> [Data extract]
· · · · · · ·
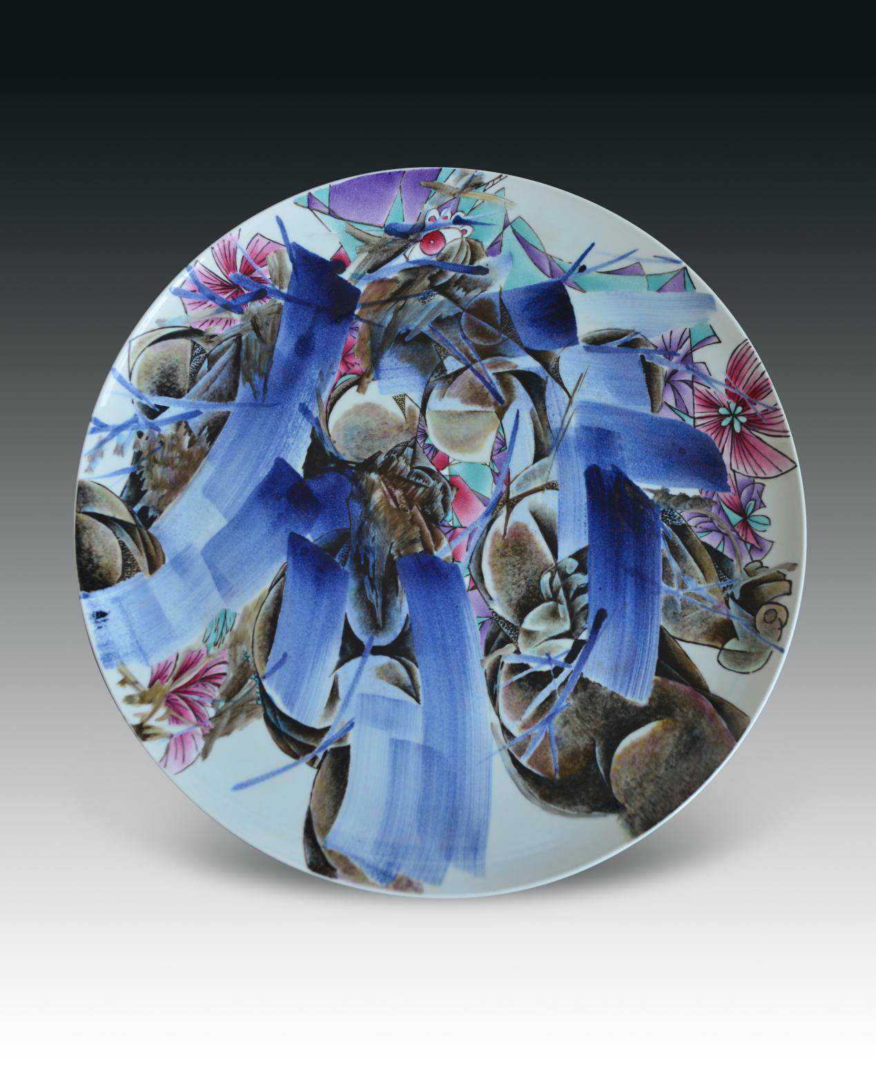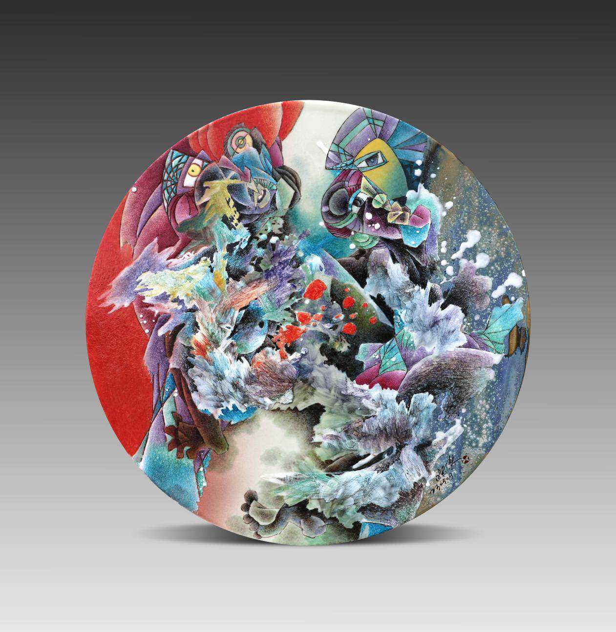在我心灰意懒之际,突然有个人的作品让我震惊,色彩鲜艳且斑斓,构图奇特而极富美感,既有现代表现形式又有传统技艺,充满了随性设计和反叛精神,有自己独特的艺术语言和思想表达。留给我的第一印象:这个人是个旷世奇才,是一个划时代的杰出人物,具有唯一性和不可替代性,称之为景德镇陶瓷绘画界横空出世的毕加索与独有的艺术现象也毫不为过,这个人就是张晓杰!
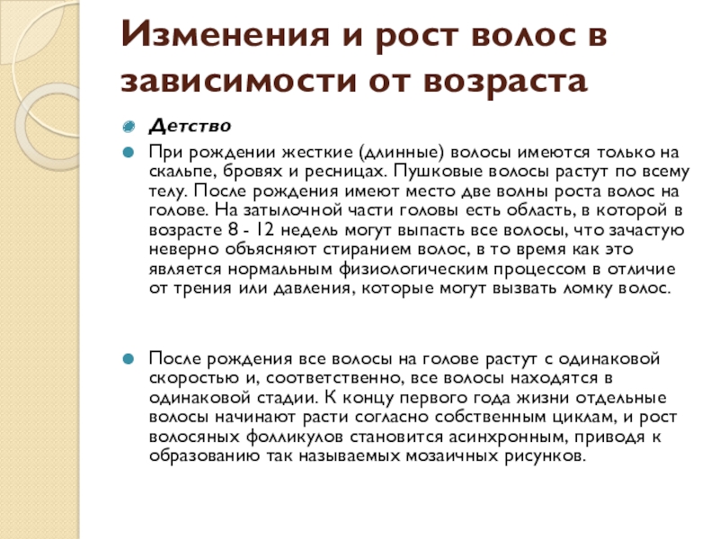 Слайд 23Изменения и рост волос в зависимости от возраста
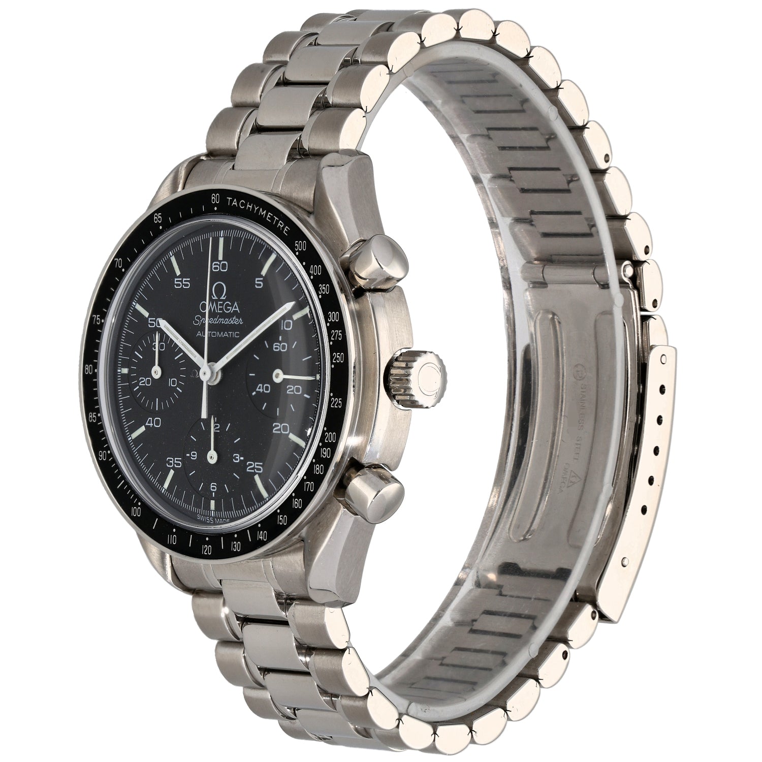 The Omega Speedmaster is an intricate timepiece which was launched by Omega back in 1957, being a perfect addition to any watch collection. This pre-owned example is finished with a black dial inside a 38mm stainless steel case, which is fitted on an 18.5cm stainless steel bracelet. The watch is also powered by an Automatic movement and is water resistant up to 50 metres.
· · · · · · ·
> [Exercise instructions]
Output the lines of the data exactly, starting at the first and ending with the line that has "Слайд 23Изменения и". Pictures are not part of it.

> [Written response]
在我心灰意懒之际,突然有个人的作品让我震惊,色彩鲜艳且斑斓,构图奇特而极富美感,既有现代表现形式又有传统技艺,充满了随性设计和反叛精神,有自己独特的艺术语言和思想表达。留给我的第一印象:这个人是个旷世奇才,是一个划时代的杰出人物,具有唯一性和不可替代性,称之为景德镇陶瓷绘画界横空出世的毕加索与独有的艺术现象也毫不为过,这个人就是张晓杰!
 Слайд 23Изменения и рост волос в зависимости от возраста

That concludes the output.